** The data follows **

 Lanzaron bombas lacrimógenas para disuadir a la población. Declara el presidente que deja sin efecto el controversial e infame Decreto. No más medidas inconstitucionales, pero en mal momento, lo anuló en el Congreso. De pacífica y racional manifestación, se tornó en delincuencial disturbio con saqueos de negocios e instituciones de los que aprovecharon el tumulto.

** End of The data **
** The data follows **

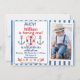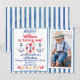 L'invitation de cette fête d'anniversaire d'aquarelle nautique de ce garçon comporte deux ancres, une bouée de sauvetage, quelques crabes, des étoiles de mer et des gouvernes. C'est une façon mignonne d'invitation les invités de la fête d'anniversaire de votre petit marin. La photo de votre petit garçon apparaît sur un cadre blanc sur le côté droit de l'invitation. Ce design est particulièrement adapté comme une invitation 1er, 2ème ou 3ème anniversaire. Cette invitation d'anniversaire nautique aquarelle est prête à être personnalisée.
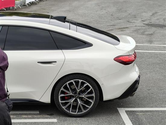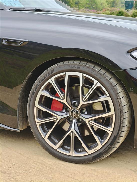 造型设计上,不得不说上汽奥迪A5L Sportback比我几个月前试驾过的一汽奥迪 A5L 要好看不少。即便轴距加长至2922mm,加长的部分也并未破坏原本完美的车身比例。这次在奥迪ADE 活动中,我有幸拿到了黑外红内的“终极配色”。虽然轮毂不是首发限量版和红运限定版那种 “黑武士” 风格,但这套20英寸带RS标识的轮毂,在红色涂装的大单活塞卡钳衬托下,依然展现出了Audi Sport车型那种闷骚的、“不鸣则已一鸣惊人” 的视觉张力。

** End of The data **

**Task statement:** Transcribe, exactly and without pictures, everything in the data from the line with "L'invitation de cette" down to the line with "造型设计上,不得不说上汽奥迪A5L Sportback比我几个月前试驾过的一汽奥迪 A5L", both included.

**Solution:**
 L'invitation de cette fête d'anniversaire d'aquarelle nautique de ce garçon comporte deux ancres, une bouée de sauvetage, quelques crabes, des étoiles de mer et des gouvernes. C'est une façon mignonne d'invitation les invités de la fête d'anniversaire de votre petit marin. La photo de votre petit garçon apparaît sur un cadre blanc sur le côté droit de l'invitation. Ce design est particulièrement adapté comme une invitation 1er, 2ème ou 3ème anniversaire. Cette invitation d'anniversaire nautique aquarelle est prête à être personnalisée.
 造型设计上,不得不说上汽奥迪A5L Sportback比我几个月前试驾过的一汽奥迪 A5L 要好看不少。即便轴距加长至2922mm,加长的部分也并未破坏原本完美的车身比例。这次在奥迪ADE 活动中,我有幸拿到了黑外红内的“终极配色”。虽然轮毂不是首发限量版和红运限定版那种 “黑武士” 风格,但这套20英寸带RS标识的轮毂,在红色涂装的大单活塞卡钳衬托下,依然展现出了Audi Sport车型那种闷骚的、“不鸣则已一鸣惊人” 的视觉张力。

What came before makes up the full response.